Ravel, An Inspiration to Joel McNeely

Not everyone is familiar with the installment of the Star Wars franchise titled Shadows of the Empire, but that’s mostly because it was a media event that never made it to the big screen. Nonetheless, the video game it spawned deserves some recognition among video games for its use of a fully orchestrated, studio recorded, original soundtrack composed by film and TV composer Joel McNeely.

Star Wars: Shadows of the Empire
Star Wars: Shadows of the Empire, cover art

The other day, I listened to a Naxos recording of Ravel’s entire Daphnis et Chloé ballet for the first time (Ravel also arranged two smaller orchestral suites of the work) and realized that McNeely derived parts of his own score from this piece. The one passage that caught my attention opens Part II of the ballet—a scene that depicts a camp of pirates cavorting at night in a savage, sabbath-like dance.

Ravel, Daphnis et Chloe

Joel McNeely, Shadows of the Empire

The familiarity was enough to make me immediately drop whatever it was that I was doing and fire off a Google search for “joel mcneely daphnis”, which turned up a forum thread in which one user points out that McNeely derived his music for Shadows of the Empire from two works: Ravel’s ballet and another, The Quest, by British composer William Walton.

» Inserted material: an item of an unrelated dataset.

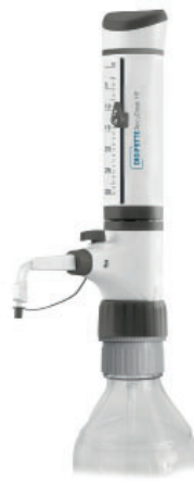
Digipette AccuDose HF

Este manual es parte inseparable del aparato por lo que debe estar disponible a todos los usuarios del equipo. Le recomendamos leer atentamente el presente manual y seguir rigurosamente los procedimientos de uso para obtener las máximas prestaciones y una mayor duración del mismo.

I’m going to explore the Walton suggestion a little bit more, but I’m more curious to know whether there exists any verbal or written acknowledgment from McNeely (EDIT: some does exist in an interview). I mean, presumably, this kind of creative “borrowing” happens all the time, but artists don’t always call attention to their sources of inspiration unless prompted. In fact, the aforementioned forum user speaks to the matter as if McNeely stole the material from Ravel. I’d have to give this Walton ballet a listen to verify that claim.

EDIT (March 2017): updated to refer to SOTE as a “media event.” Thanks Espen!

5 thoughts on “Ravel, An Inspiration to Joel McNeely”

  1. sidetracked a little by the topic of creative ‘borrowing’ …

    when is it ‘borrowing’ and when is it ‘plagiarizing’? I never fully understood. I mean I understand straight plagiarism if something has been copied word for word, note for note to its entirety or a big chunk of it. But when it comes to something more loose and abstract such as ideas/creativity, who is it to judge? Clearly, if McNeely admitted himself, then he may have been inspired by another. However, there are so many incidences where ideas are born via different brains without knowing the existence of the other, will the one whose idea became famous/registered/trademarked/published, etc first be the ORIGINAL??? what about the extreme lookalikes without any blood ties, who plagiarized there? The creator?

  2. Ugh, the distinction between borrowing and plagiarizing is so ambiguous sometimes, and in fact, you could say that there really isn’t a difference (i.e. the former being a mere euphemism of the latter). But naturally it depends on the degree and extent of the reproduction. There aren’t any good rules to follow when it comes to music, so I don’t have an answer for you.

    We know definitely that McNeely was inspired by and used at least one musical idea written by Ravel. It’s not note for note, but I think the fact that I knew exactly where it came from the instant I heard it says something about its relative similarity to the source material. For the purists, this is all that matters. Personally, I’m more interested to know how this instance of borrowing sits with McNeely’s conscience and sense of pride as an artist. For example, I think a written acknowledgment (in the score or on the album somewhere) goes a long way towards establishing respect and artistic license, but so far, I haven’t seen anything like this. You could say we have every reason to believe that he tried to pawn this passage off as original material, but, to be honest, I don’t feel like calling out a professional film composer on this kind of issue. For now, I’m securing a position of uncertainty for myself, which is totally boring but easy, noncommittal, and maybe even optimistic.

    As for the same idea being born of independent minds, each “copy” of the idea is original in its own right, but the first one to become published or widely distributed will be the de facto original, for all practical purposes. I don’t necessarily think this is right, especially if the execution of the idea is the same across the board, but truthfully, the masses have little interest in origin stories. 99% of the people who played Shadows of the Empire could probably care less that some of the music came from existing classical works.

    And as for extreme lookalikes without blood ties, I think that’s just plain ol’ luck of the draw. =)

  3. a little nitpicking; Shadows of the Empire was a “media event”, that included a book, audio book, comic, toys, soundtrack and the game :)

  4. a little late to the show, but after i listened to the score again after i don’t know how many years, i came across your review. i have to say, very interesting to read and i immediately listened to the Walton piece you have mentioned.
    https://youtu.be/Ax-U0ONv4hY?t=9m24s
    this should definately sound familiar ;)
    anyway, i still love the music Joel McNeely wrote and just listening to it again makes me wonder why he wasn’t approached to write music for a Star Wars movie.